--- Task statement ---
Exact duplicates of the lines from the top of the data through the line containing "Μουσείο Αιανής, Αίθουσα" are needed, with every picture left out.

───

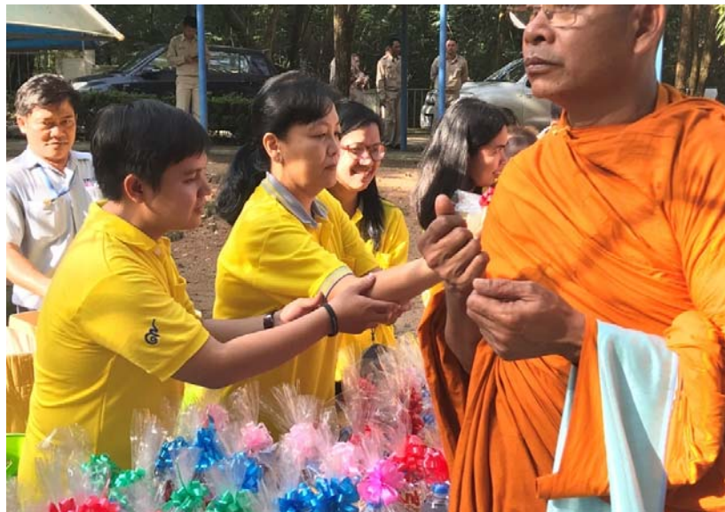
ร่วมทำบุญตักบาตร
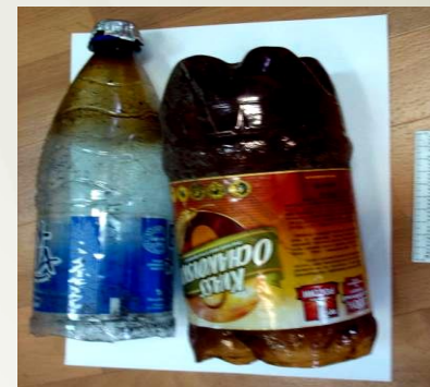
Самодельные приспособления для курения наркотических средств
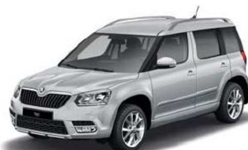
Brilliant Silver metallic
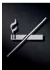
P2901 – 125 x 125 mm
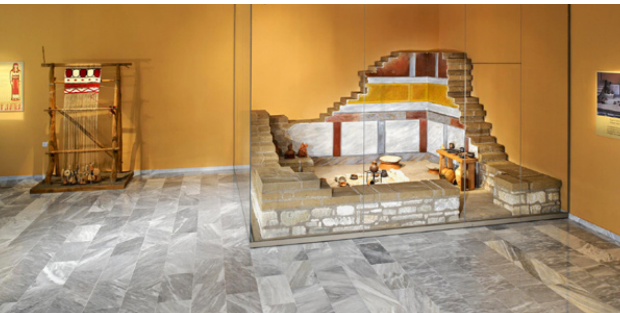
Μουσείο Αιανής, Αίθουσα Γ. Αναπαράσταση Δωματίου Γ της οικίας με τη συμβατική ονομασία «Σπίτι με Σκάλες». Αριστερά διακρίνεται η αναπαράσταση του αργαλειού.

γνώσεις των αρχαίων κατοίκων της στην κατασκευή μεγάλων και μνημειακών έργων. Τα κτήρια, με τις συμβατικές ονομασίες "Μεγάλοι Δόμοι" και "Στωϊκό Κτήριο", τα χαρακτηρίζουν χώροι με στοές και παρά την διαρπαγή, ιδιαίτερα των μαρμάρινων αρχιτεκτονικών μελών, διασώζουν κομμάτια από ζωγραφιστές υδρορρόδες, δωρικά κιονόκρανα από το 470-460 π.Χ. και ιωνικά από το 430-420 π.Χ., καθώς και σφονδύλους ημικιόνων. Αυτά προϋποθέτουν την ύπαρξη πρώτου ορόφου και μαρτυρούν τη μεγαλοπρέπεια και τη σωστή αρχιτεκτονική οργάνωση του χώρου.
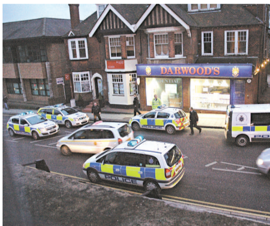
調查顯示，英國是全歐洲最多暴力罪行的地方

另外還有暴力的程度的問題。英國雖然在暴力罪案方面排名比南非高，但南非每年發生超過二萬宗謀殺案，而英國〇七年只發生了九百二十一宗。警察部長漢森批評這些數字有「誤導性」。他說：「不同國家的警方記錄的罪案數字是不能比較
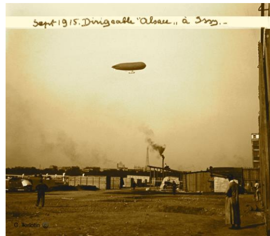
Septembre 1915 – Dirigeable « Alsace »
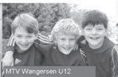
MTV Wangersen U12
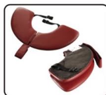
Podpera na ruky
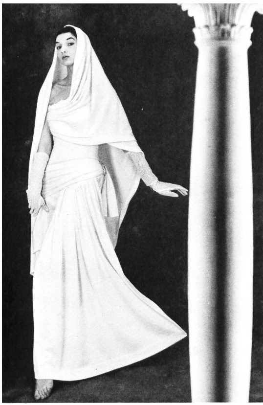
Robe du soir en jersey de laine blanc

───

--- Solution to this exercise ---
ร่วมทำบุญตักบาตร
Самодельные приспособления для курения наркотических средств
Brilliant Silver metallic
P2901 – 125 x 125 mm
Μουσείο Αιανής, Αίθουσα Γ. Αναπαράσταση Δωματίου Γ της οικίας με τη συμβατική ονομασία «Σπίτι με Σκάλες». Αριστερά διακρίνεται η αναπαράσταση του αργαλειού.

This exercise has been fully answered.